Kamolwan Chanyim

Personal information
- Nickname: Bambam
- Nationality: Thai
- Born: 3 January 1996 (age 30) Chonburi, Thailand
- Height: 1.75 m (5 ft 9 in) (2016)
- Weight: 65 kg (143 lb) (2016)

Sport
- Country: Thailand
- Sport: Sailing

Medal record
Women's sailing
Representing Thailand
Asian Games
| Bronze medal – third place | 2014 Incheon | Laser Radial |
Southeast Asian Games
| Silver medal – second place | 2011 Indonesia | Laser Radial |
| Bronze medal – third place | 2013 Myanmar | Laser Radial |
| Gold medal – first place | 2015 Singapore | Laser Radial |
| Gold medal – first place | 2019 Philippines | Laser Radial |

= Kamolwan Chanyim =

Thai sailor (born 1996)

Kamolwan Chanyim (born 3 January 1996) is a Thai competitive sailor. She was born in Chonburi province eastern of Thailand. She graduated with first-class honors in International Business Management from Burapha University. Her father is an influencer for sailing; she began sailing when she was 8. In the earlier she hated sailing but later when she did better she changed her mindset: " I started to think that anything is possible if you work hard at it."

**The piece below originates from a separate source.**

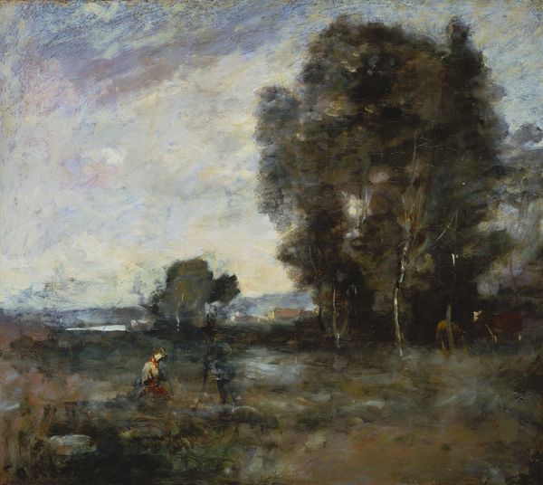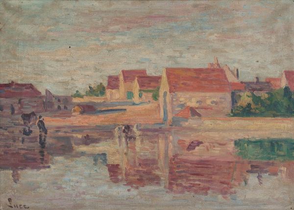 Curator: Looking at Walter Kurt Wiemken’s "Evening on the Seine," painted around 1930, what strikes you first? It’s an oil painting, quite small, likely done en plein air. Editor: A stillness. Despite the impressionistic brushstrokes, a very pronounced stillness. And an odd somber quality for a scene presumably about evening. It almost feels like a memory of an evening, rather than a depiction. Curator: The Seine, historically and culturally, certainly carries immense weight. It’s not just a river; it's a symbol of Parisian life, a witness to revolutions, artistic movements. Wiemken's choice, therefore, situates this work within that legacy, wouldn't you agree? The haze sort of hints it is both past and present. Editor: Absolutely. And while many artists celebrated the Seine as a bustling hub, this image emphasizes something more private, almost melancholic. The muted color palette—those grays and greens—it suggests a burdened reflection more than a vibrant cityscape. Perhaps reflective of some socioeconomic tension of the 1930's? Curator: Perhaps. One could delve into how Wiemken utilizes shadow and light here, couldn't one? Notice how the darker forms on the left – are those haystacks?– anchor the composition, contrasting with the ethereal glow of the sky, to the point where the landscape almost feels dreamlike, more about mood than precise detail. The impressionist label is a start, but not complete. Editor: Yes, I agree. The haziness, blurring the details; it transforms the river into a mirror reflecting internal feelings more than external reality. We aren’t shown people in leisure, pleasure. It hints at something more personal from Wiemken’s perspective. Curator: Which returns us to your initial impression. The image speaks to cultural memory, personal history intertwined with broader socio-political currents…it creates a contemplative experience. Editor: Right, it prompts us to consider how individual artists translate collective emotions, using familiar images to express profound interior landscapes. It invites a moment of solitary, even quiet, contemplation. Curator: Indeed, seeing beyond the immediate scene reveals how it becomes a portal to deeper psychological or historical reflection. Editor: Ultimately making even the quietest landscape a potent historical document.
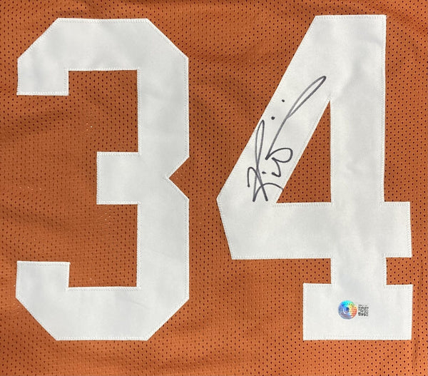Featured is a Ricky Williams signed custom football jersey. This jersey was hand signed by Williams and comes with the Beckett witnessed hologram and certificate of authenticity. This jersey has professionally sewn letters and numbers and is size XL. This jersey has no team tags or emblems and is intended as a sports collectible. SPECIFICATIONS Autographed By: Ricky Williams Team: Texas Longhorns Sport: Football Authentication: Beckett Authentication Services

She competed at the 2016 Summer Olympics in Rio de Janeiro, in the women's Laser Radial. She is also the first Thai woman that qualified for the Olympics in sailboat. She finished rank 34 in Laser Radial competition for 2020 Summer Olympics, this is second appearance in Summer Olympics first was in Rio 2016 ranked 32.